Posted to dev@beam.apache.org by Sam Bourne <sa...@gmail.com> on 2019/08/02 06:48:29 UTC

Re: Docker Run Options in SDK Container

Thanks for the feedback. I added a response in-line.

On Wed, Jul 17, 2019 at 4:48 AM Ankur Goenka goenka@google.com
<ht...@google.com> wrote:

Thanks for summarizing the discussion.
>
> A few comments inline below:
>
>
> On Mon, Jul 15, 2019 at 5:28 PM Sam Bourne <sa...@gmail.com> wrote:
>
>> Hello Beam devs,
>>
>> I’ve opened a PR (https://github.com/apache/beam/pull/8982) to support
>> passing options/flags to the docker run command executed as part of the
>> portable environment workflow. I’m in need of providing specific volumes
>> and possibly other docker run options as I refine our custom container and
>> workflow.
>>
>> There were requests to bring this up in the mailing list to discuss
>> possible ways to achieve this. There’s an existing PR #8828
>> <https://github.com/apache/beam/pull/8828> but we took quite different
>> approaches. #8828 is limited to only mounting /tmp/ directories with no
>> support for other docker run options/flags so wouldn’t solve my needs.
>>
>> I chose to expand upon the existing flag environment_config and provide
>> the additional docker run options there. This requires the SDK parse these
>> out when building the DockerPayload protobuf. It’s worth noting that
>> what is provided to environment_config changes depending on the
>> environment_type. e.g. if environment_type is docker, environment_config
>> is currently expected to be the docker container name, but other
>> environment types have completely different expectations, and each uses its
>> own protobuf message type.
>>
>> The current method (using python SDK) looks like this:
>>
>> python -m mymodule —runner PortableRunner —job_endpoint localhost:8099 —environment_type DOCKER —environment_config MY_CONTAINER_NAME
>>
>> My PR expects other run options to be provided before the container name
>> - similar to how you would start the container locally:
>>
>> python -m mymodule —runner PortableRunner —job_endpoint localhost:8099 —environment_type DOCKER —environment_config “-v /Volumes/mnt/foo:/Volumes/mnt/foo -v /Volumes/mnt/bar:/Volumes/mnt/bar —user sambvfx MY_CONTAINER_NAME”
>>
>> The PR’s feedback raises some questions that some of you may have
>> opinions about.

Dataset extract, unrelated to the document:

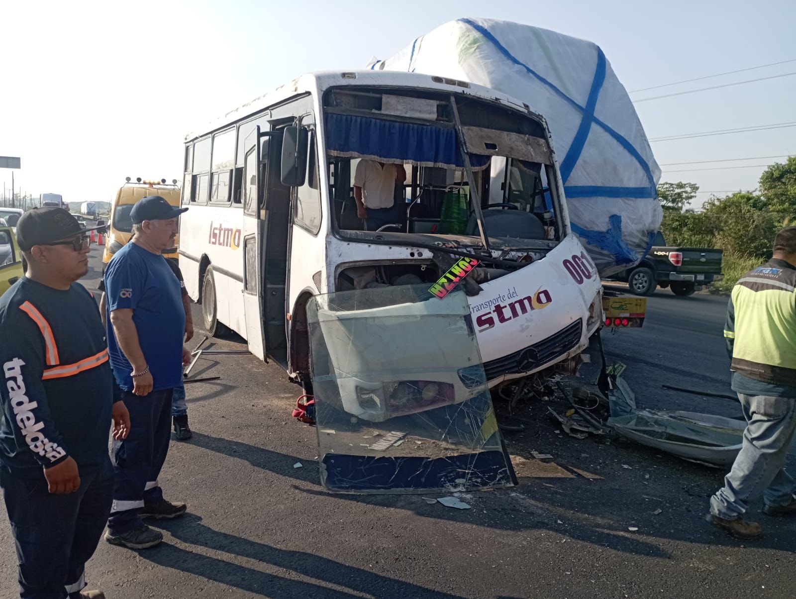 El incidente no dejó personas heridas, por lo que únicamente este camión de la línea “Transporte del Istmo” sufrió daños materiales, al quebrarse el parabrisas y dañarse gran parte de la defensa.

A hopefully faithful summary of them and my commentary
>> below:
>>
>> Should we require the environment_config be a json encoded string that
>> mirrors the protobuf?
>>
>> e.g.
>>
>> --environment_config '{"image_name": "MY_CONTAINER_NAME", "run_options": “-v /Volumes/mnt/foo:/Volumes/mnt/foo -v /Volumes/mnt/bar:/Volumes/mnt/bar —user sambvfx"}'
>>
>> I’m not a fan due to it not being backwards compatible and difficult to
>> provide to CLI. Users don’t want to type json into the shell.
>>
> I agree, typing JSON on command line is really messy. But I think having
> meaningful parts in the config will be easier to maintain and compare.
>
Can we give a config file which can be read, parsed and delivered as
> options to the docker environment.
> Something like "--environment_config '~/my_docker_config.json/yaml'"
>
That does provide a better CLI experience than writing json. If we went
that route we would also want the SDKs to handle either direct json or a
file path. I still prefer my original proposal which maintained backwards
compatibility and within the CLI mirrors how the user normally calls docker
run.

I think passing a user provided command to start docker might have security
> issues as users might load mount an otherwise non accessible drive or
> access prohibited port etc.
>
I’d argue it’s up to the runner to ensure the desired privileges are setup
for the worker. Doesn’t running java transform directly via an embedded
environment gives you everything the worker has access to as well?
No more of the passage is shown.